## Task brief
Copy task, pictures excluded: set down exactly the lines from the one containing "워낙 네트워크 효과가" to the end of the data below.

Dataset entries
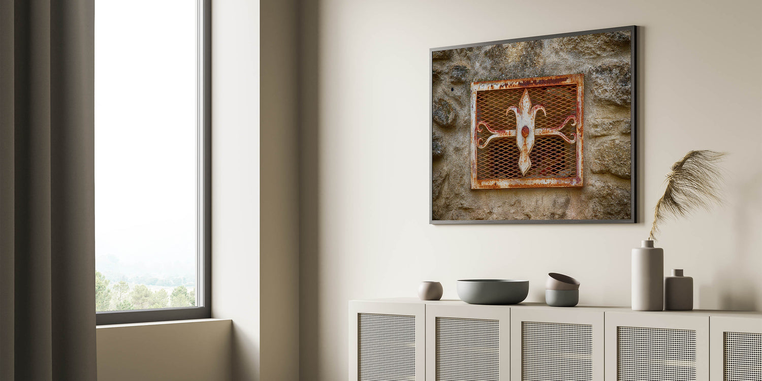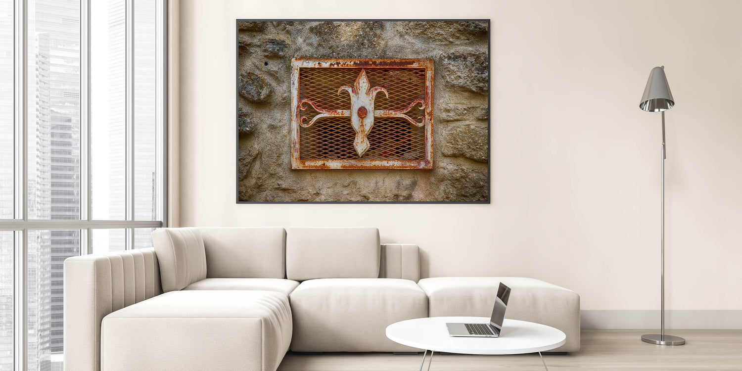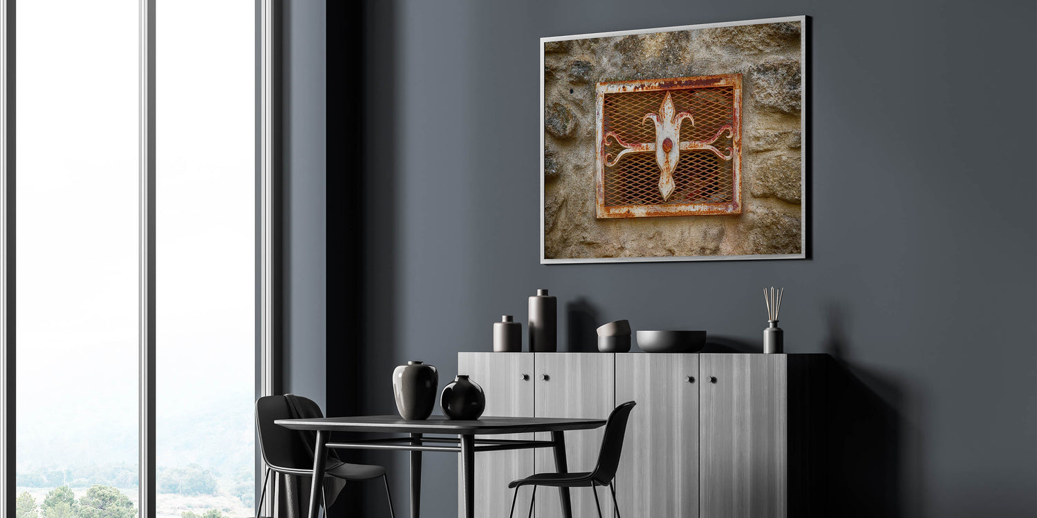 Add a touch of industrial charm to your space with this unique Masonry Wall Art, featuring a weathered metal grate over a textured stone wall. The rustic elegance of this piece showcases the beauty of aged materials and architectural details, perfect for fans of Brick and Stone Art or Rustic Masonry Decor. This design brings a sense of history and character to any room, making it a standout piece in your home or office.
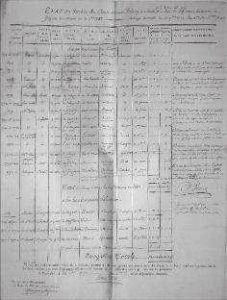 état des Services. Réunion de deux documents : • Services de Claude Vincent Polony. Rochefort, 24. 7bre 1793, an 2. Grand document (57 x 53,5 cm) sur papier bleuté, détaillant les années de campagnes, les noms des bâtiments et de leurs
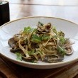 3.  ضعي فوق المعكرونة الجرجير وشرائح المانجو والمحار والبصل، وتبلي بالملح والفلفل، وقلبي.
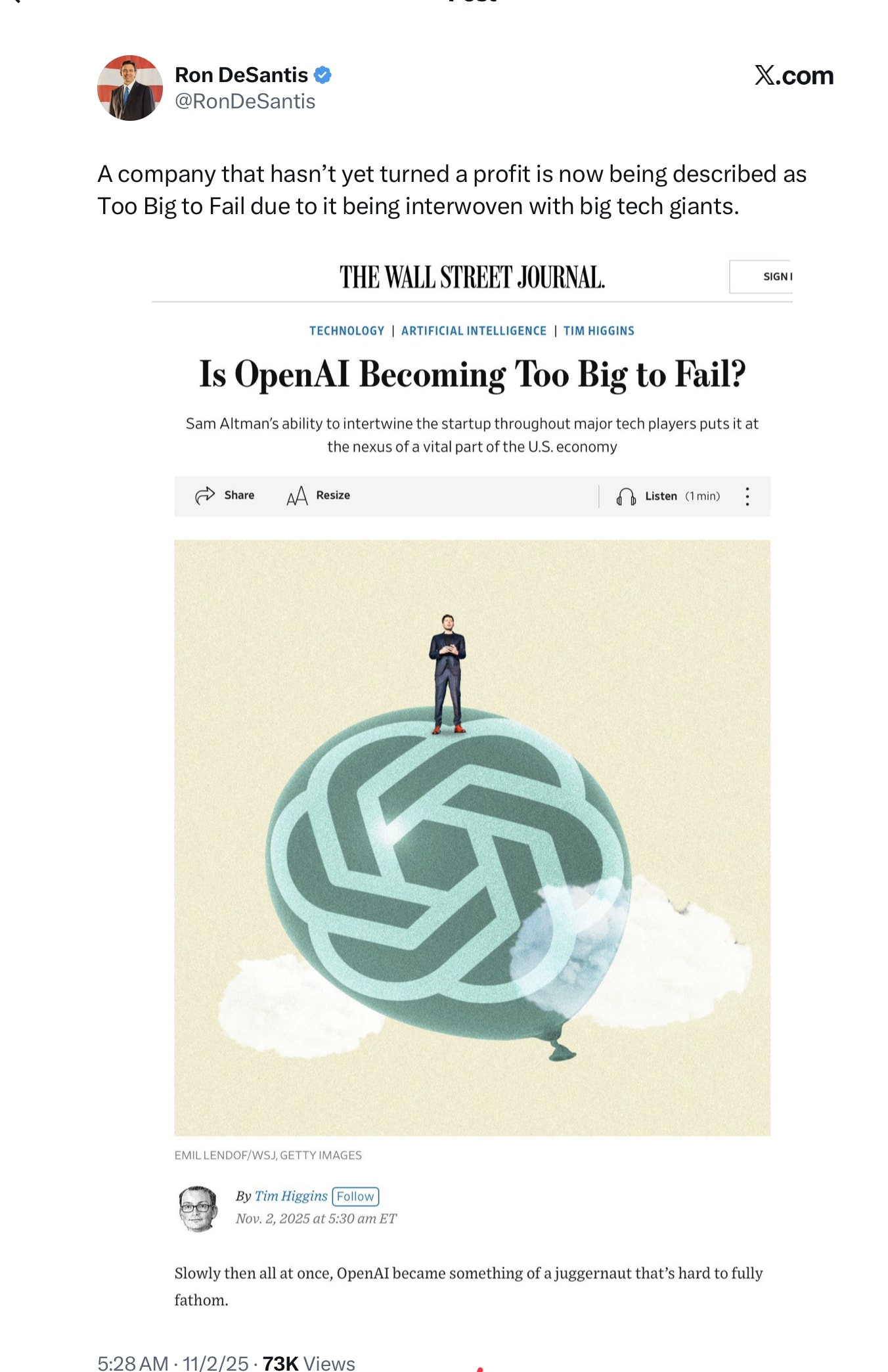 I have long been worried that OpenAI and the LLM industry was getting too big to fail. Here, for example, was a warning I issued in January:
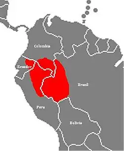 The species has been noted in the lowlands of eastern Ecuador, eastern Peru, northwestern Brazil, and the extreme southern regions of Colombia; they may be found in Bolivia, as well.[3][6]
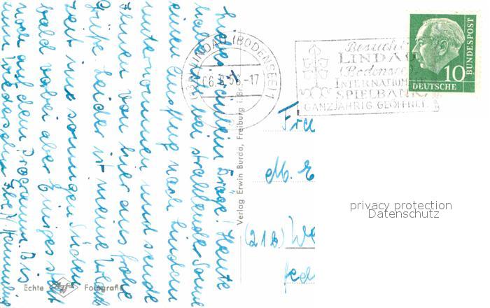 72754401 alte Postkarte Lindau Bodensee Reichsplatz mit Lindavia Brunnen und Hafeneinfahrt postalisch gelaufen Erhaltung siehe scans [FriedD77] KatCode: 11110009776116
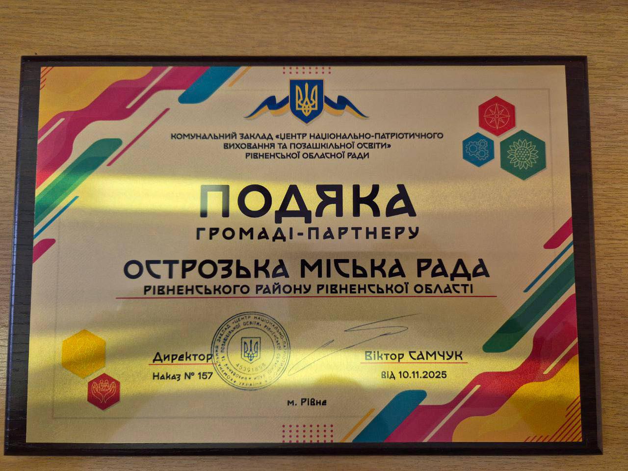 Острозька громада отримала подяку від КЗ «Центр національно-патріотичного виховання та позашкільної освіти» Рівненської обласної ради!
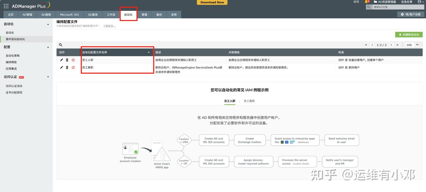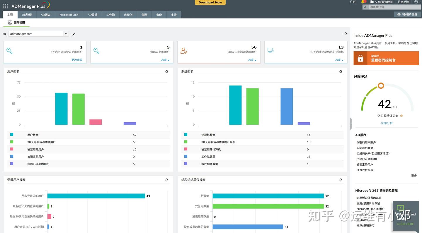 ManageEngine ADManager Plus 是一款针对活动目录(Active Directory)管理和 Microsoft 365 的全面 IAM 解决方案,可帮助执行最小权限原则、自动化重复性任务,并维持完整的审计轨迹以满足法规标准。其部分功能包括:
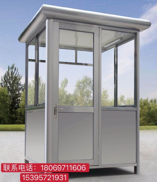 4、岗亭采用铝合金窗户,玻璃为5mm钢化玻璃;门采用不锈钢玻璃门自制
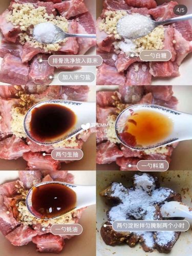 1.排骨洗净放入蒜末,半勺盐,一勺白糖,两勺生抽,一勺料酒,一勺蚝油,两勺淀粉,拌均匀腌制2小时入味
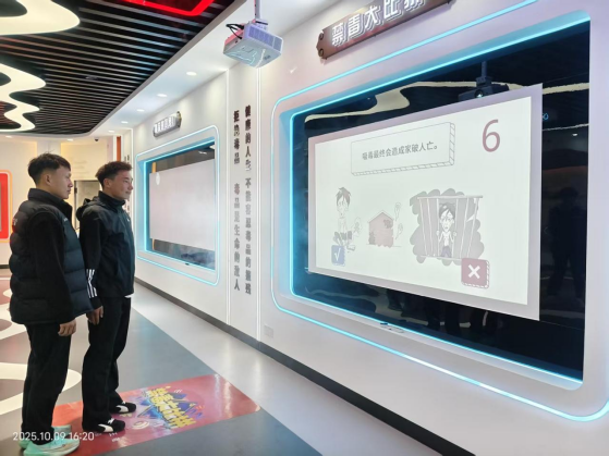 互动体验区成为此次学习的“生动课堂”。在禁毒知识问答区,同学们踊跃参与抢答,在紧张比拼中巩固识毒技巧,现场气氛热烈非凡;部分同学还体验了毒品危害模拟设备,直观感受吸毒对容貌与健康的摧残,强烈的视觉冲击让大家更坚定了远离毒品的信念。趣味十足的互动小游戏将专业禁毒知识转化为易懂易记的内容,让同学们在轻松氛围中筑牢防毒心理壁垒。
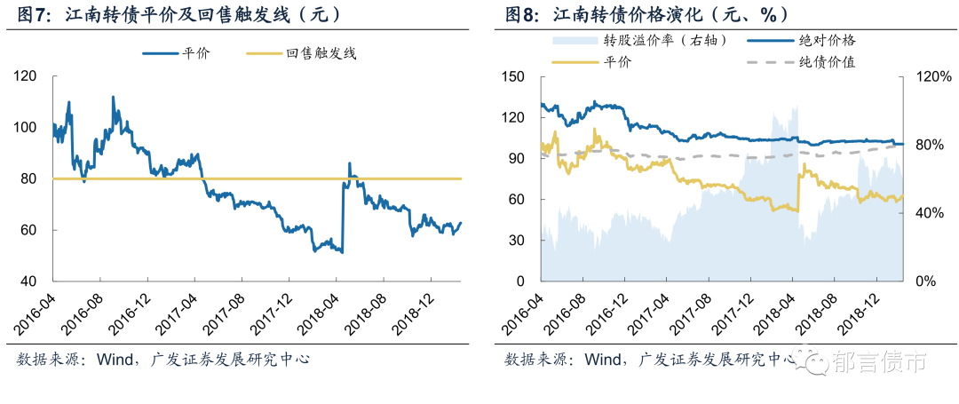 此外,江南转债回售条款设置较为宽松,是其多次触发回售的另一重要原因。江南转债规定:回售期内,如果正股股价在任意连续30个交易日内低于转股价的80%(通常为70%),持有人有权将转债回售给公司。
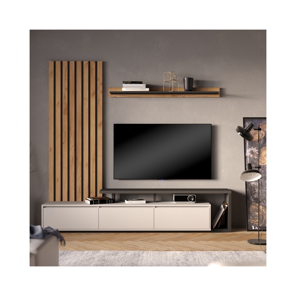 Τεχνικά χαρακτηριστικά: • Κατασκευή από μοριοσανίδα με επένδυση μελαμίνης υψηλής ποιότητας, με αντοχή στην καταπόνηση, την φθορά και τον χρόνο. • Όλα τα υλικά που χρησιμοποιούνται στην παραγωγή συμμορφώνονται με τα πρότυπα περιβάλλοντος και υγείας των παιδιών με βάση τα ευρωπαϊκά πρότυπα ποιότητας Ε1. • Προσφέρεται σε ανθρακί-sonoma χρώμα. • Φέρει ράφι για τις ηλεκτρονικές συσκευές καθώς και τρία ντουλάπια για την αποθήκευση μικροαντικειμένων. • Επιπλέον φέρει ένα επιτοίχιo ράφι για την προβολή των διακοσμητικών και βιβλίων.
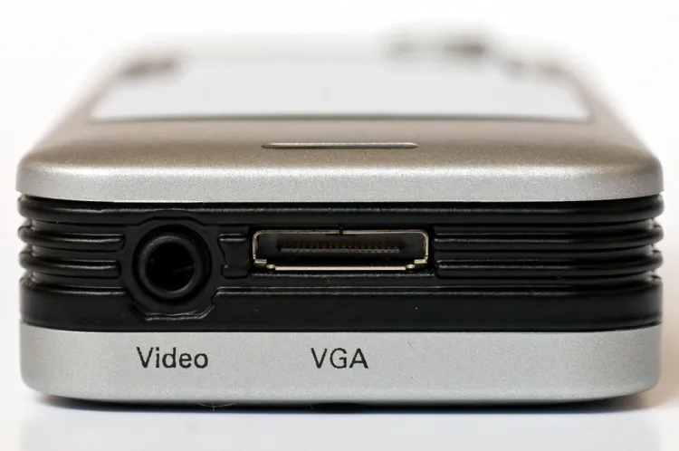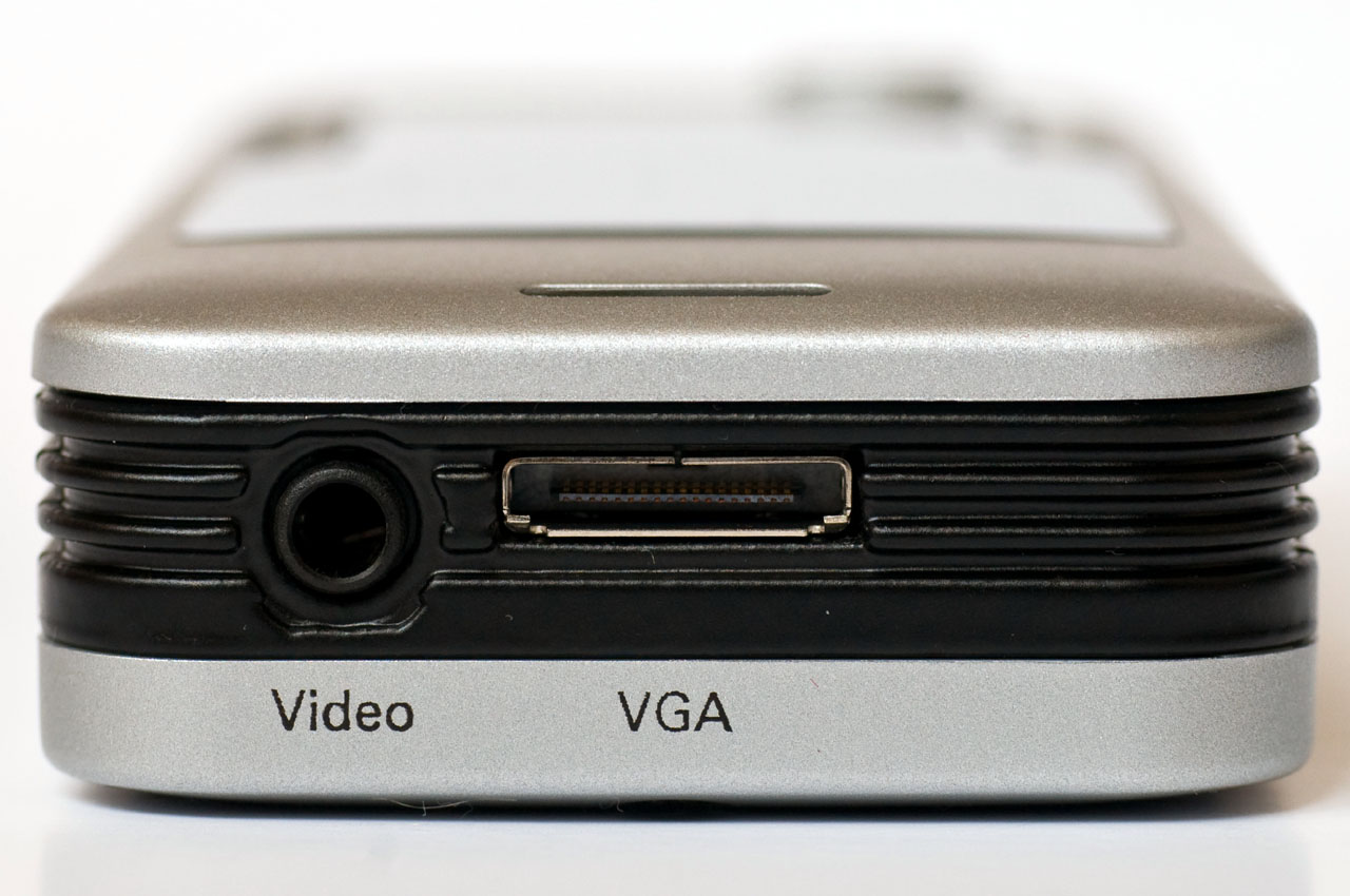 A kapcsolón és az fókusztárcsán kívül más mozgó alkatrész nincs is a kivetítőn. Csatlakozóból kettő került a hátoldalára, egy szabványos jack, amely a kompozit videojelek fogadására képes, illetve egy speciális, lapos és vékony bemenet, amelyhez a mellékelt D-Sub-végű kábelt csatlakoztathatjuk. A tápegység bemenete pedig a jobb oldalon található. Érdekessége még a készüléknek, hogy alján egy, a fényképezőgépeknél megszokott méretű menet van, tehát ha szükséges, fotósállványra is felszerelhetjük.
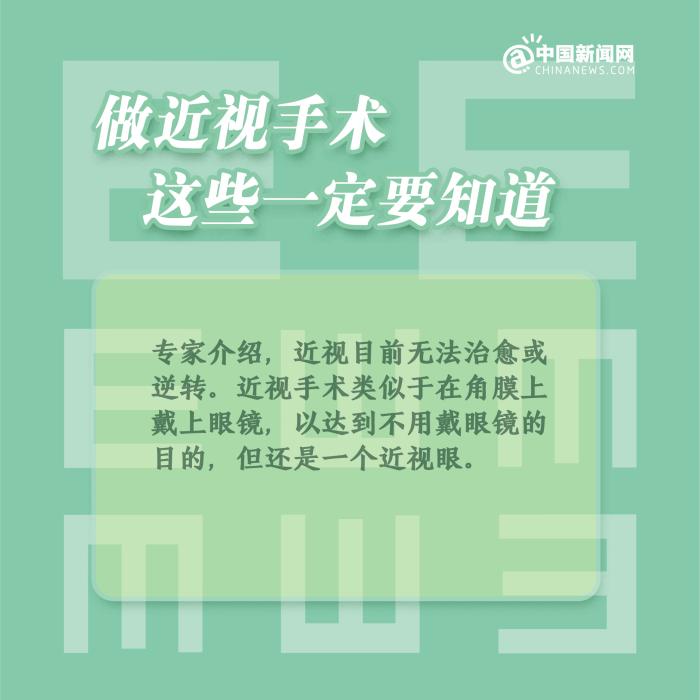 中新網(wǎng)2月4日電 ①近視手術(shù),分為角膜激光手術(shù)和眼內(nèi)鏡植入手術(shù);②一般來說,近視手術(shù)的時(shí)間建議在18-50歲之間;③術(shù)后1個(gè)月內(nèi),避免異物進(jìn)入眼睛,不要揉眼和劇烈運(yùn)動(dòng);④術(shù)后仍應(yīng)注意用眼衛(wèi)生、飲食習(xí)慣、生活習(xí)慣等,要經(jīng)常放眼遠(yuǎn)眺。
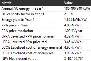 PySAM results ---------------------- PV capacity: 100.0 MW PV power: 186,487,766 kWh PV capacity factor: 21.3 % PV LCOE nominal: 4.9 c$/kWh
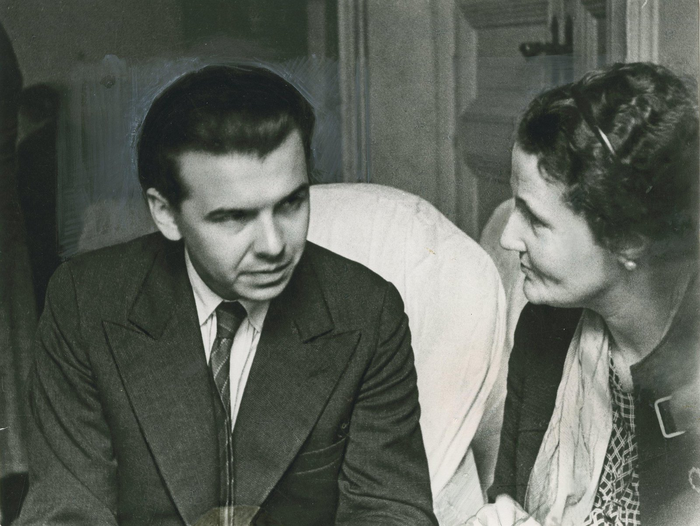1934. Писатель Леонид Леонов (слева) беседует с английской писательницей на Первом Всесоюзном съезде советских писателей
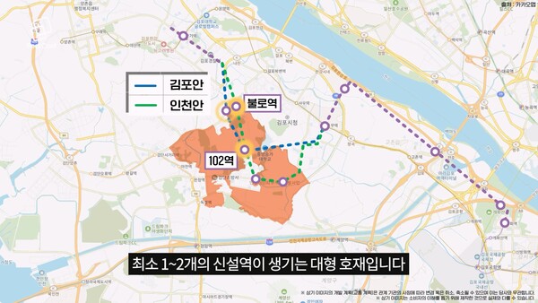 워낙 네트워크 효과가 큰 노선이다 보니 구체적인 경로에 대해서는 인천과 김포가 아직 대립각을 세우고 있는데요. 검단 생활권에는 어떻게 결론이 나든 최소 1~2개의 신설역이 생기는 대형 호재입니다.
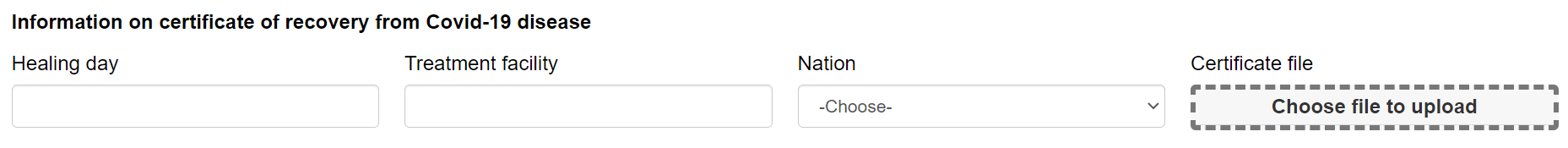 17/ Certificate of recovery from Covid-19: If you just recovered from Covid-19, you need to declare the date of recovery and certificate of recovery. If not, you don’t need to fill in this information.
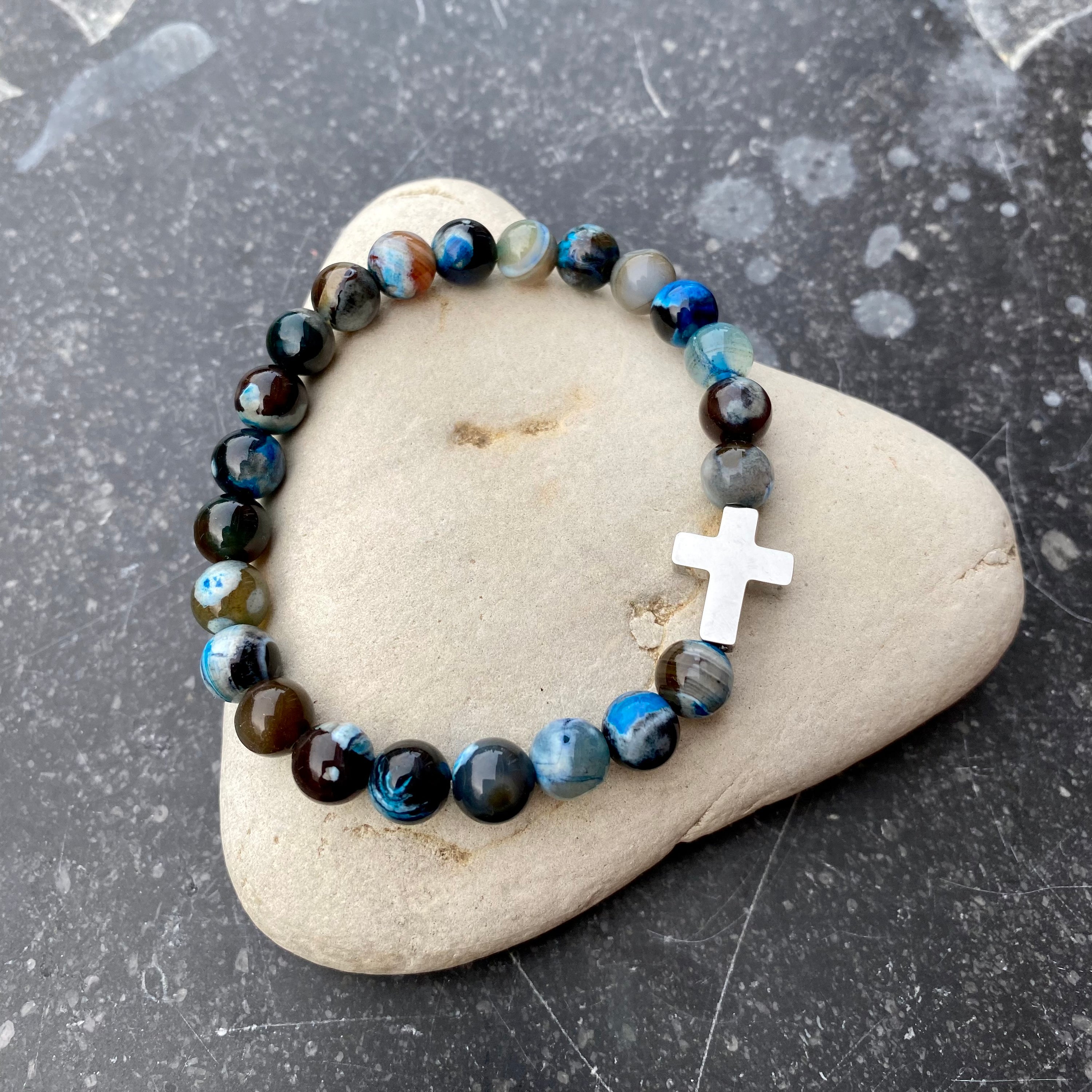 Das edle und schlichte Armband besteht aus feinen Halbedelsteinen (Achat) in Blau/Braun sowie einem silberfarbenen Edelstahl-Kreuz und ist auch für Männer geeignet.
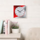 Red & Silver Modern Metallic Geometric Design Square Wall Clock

## Response to this task
 워낙 네트워크 효과가 큰 노선이다 보니 구체적인 경로에 대해서는 인천과 김포가 아직 대립각을 세우고 있는데요. 검단 생활권에는 어떻게 결론이 나든 최소 1~2개의 신설역이 생기는 대형 호재입니다.
 17/ Certificate of recovery from Covid-19: If you just recovered from Covid-19, you need to declare the date of recovery and certificate of recovery. If not, you don’t need to fill in this information.
 Das edle und schlichte Armband besteht aus feinen Halbedelsteinen (Achat) in Blau/Braun sowie einem silberfarbenen Edelstahl-Kreuz und ist auch für Männer geeignet.
 Red & Silver Modern Metallic Geometric Design Square Wall Clock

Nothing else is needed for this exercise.